▶ **TO DO**
With the pictures left out, transcribe exactly the lines from the one with "1年4組の英語は,英語で自己紹介をしコミュニケーションを" through the end of the data.

▶ **SUPPLIED INFORMATION**
-- Opening Marker --
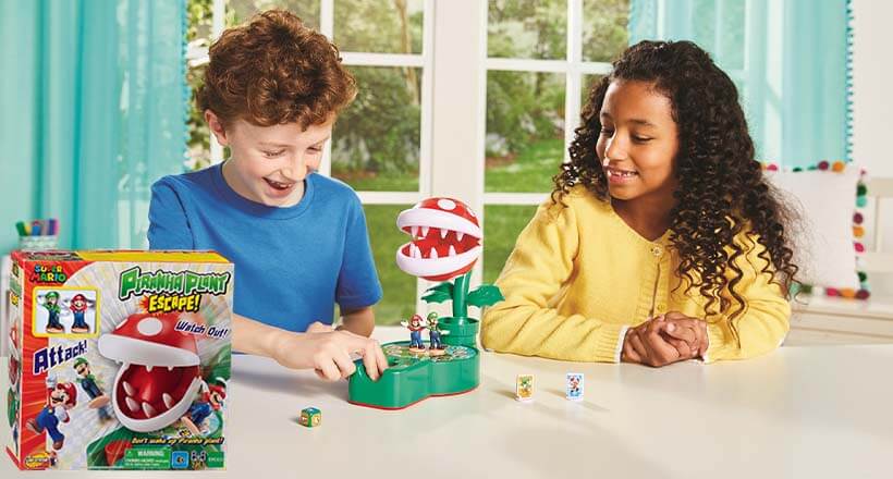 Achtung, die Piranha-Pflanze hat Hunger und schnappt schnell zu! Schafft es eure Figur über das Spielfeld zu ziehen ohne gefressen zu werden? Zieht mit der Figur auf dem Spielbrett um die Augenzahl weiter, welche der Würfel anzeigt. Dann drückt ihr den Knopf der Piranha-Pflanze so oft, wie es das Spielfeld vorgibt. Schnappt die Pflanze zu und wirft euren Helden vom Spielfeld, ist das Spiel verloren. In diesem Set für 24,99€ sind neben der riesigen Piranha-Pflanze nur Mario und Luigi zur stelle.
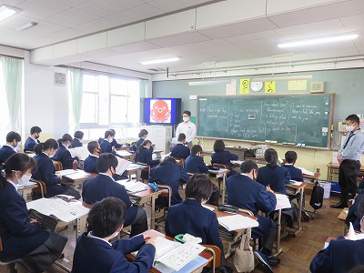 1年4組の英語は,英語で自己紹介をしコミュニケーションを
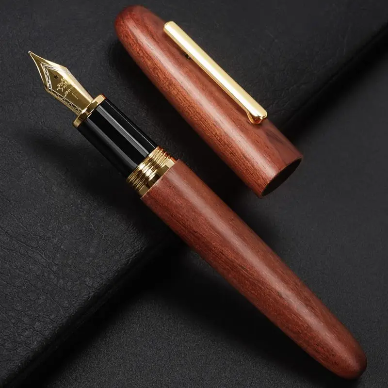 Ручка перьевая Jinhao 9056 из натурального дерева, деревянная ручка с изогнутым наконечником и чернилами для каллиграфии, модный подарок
-- Closing Marker --
▶ **ANSWER TO THIS EXERCISE**
 1年4組の英語は,英語で自己紹介をしコミュニケーションを
 Ручка перьевая Jinhao 9056 из натурального дерева, деревянная ручка с изогнутым наконечником и чернилами для каллиграфии, модный подарок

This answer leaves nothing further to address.